Record set:
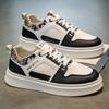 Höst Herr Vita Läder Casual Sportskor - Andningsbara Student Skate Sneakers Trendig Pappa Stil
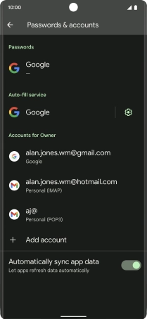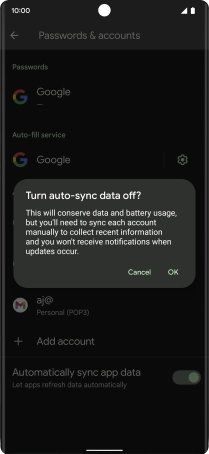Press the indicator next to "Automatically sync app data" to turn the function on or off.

==

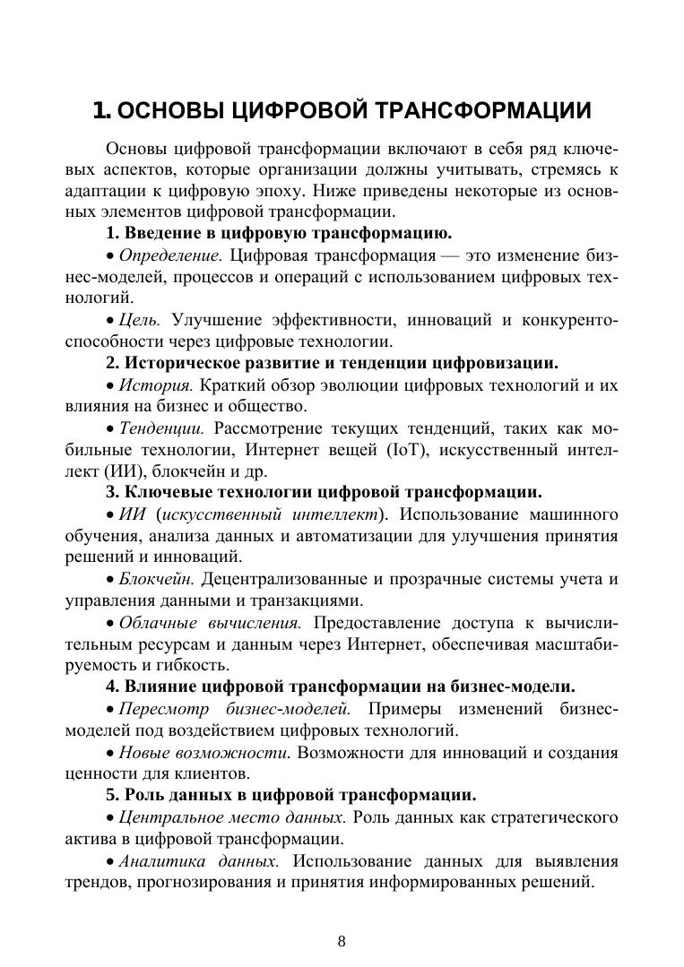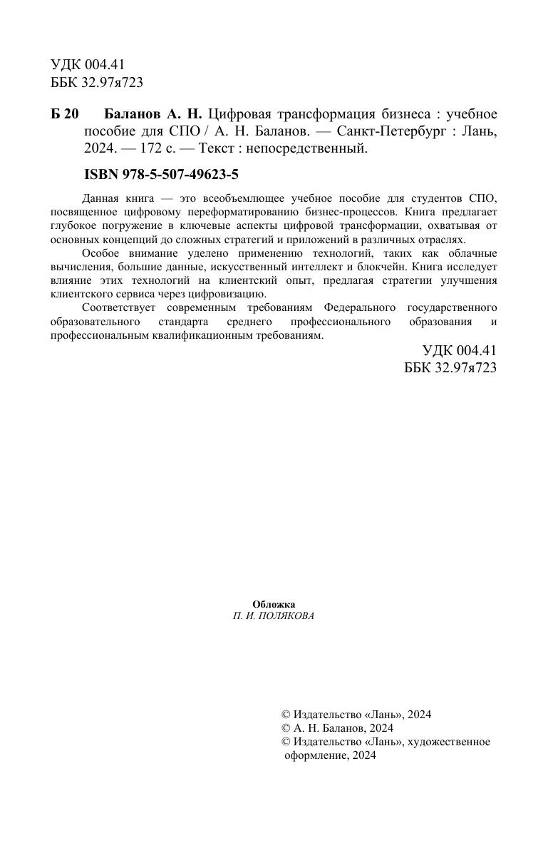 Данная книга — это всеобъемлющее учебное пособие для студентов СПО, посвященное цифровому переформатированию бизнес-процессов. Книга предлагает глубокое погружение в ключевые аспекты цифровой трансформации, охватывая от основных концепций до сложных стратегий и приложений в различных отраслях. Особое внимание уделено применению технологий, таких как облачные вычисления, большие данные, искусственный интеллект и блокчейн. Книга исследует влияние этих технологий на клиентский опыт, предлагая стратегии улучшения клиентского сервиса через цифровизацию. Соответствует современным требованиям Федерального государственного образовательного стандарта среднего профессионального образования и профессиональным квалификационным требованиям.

* * *

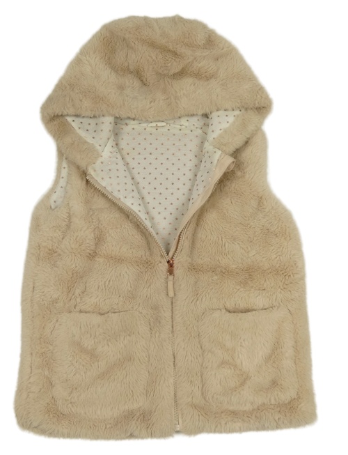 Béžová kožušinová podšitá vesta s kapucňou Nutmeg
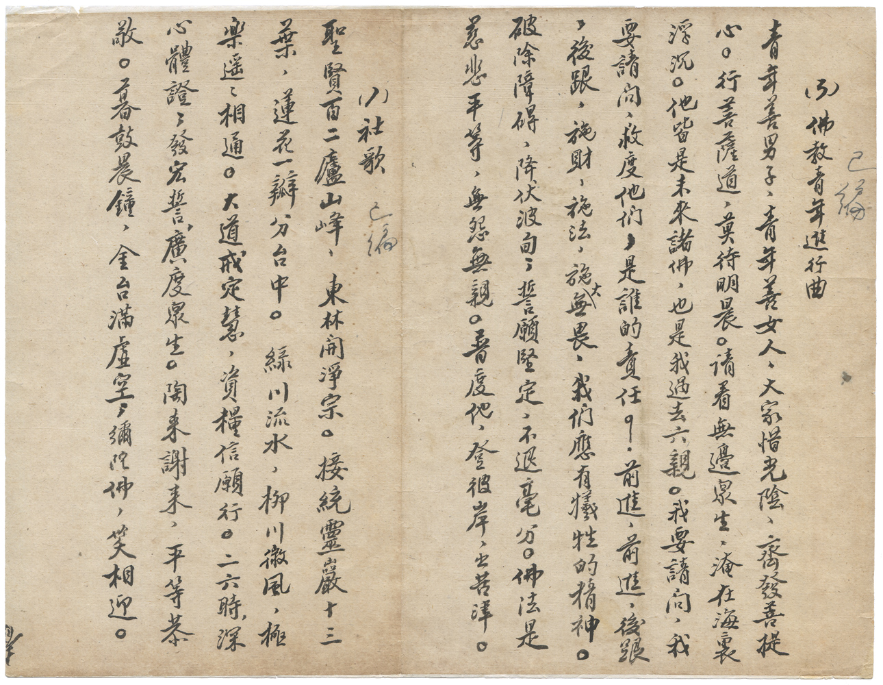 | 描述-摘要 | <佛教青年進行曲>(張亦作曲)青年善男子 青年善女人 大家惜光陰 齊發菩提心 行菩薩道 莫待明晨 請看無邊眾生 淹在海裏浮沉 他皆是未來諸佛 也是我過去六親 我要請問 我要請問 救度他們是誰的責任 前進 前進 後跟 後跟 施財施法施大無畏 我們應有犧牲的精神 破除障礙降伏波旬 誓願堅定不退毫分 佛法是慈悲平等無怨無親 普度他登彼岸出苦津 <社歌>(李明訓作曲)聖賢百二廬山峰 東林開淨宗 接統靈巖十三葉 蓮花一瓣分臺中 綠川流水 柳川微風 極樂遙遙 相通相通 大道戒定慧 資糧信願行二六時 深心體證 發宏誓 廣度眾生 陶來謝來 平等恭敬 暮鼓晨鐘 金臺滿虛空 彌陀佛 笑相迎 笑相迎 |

Work order: Taking the material above, give again exactly the lines from the one holding "Béžová kožušinová podšitá" through the one holding "彌陀佛 笑相迎 笑相迎 |", with both ends and without pictures.

Expected answer:
 Béžová kožušinová podšitá vesta s kapucňou Nutmeg
 | 描述-摘要 | <佛教青年進行曲>(張亦作曲)青年善男子 青年善女人 大家惜光陰 齊發菩提心 行菩薩道 莫待明晨 請看無邊眾生 淹在海裏浮沉 他皆是未來諸佛 也是我過去六親 我要請問 我要請問 救度他們是誰的責任 前進 前進 後跟 後跟 施財施法施大無畏 我們應有犧牲的精神 破除障礙降伏波旬 誓願堅定不退毫分 佛法是慈悲平等無怨無親 普度他登彼岸出苦津 <社歌>(李明訓作曲)聖賢百二廬山峰 東林開淨宗 接統靈巖十三葉 蓮花一瓣分臺中 綠川流水 柳川微風 極樂遙遙 相通相通 大道戒定慧 資糧信願行二六時 深心體證 發宏誓 廣度眾生 陶來謝來 平等恭敬 暮鼓晨鐘 金臺滿虛空 彌陀佛 笑相迎 笑相迎 |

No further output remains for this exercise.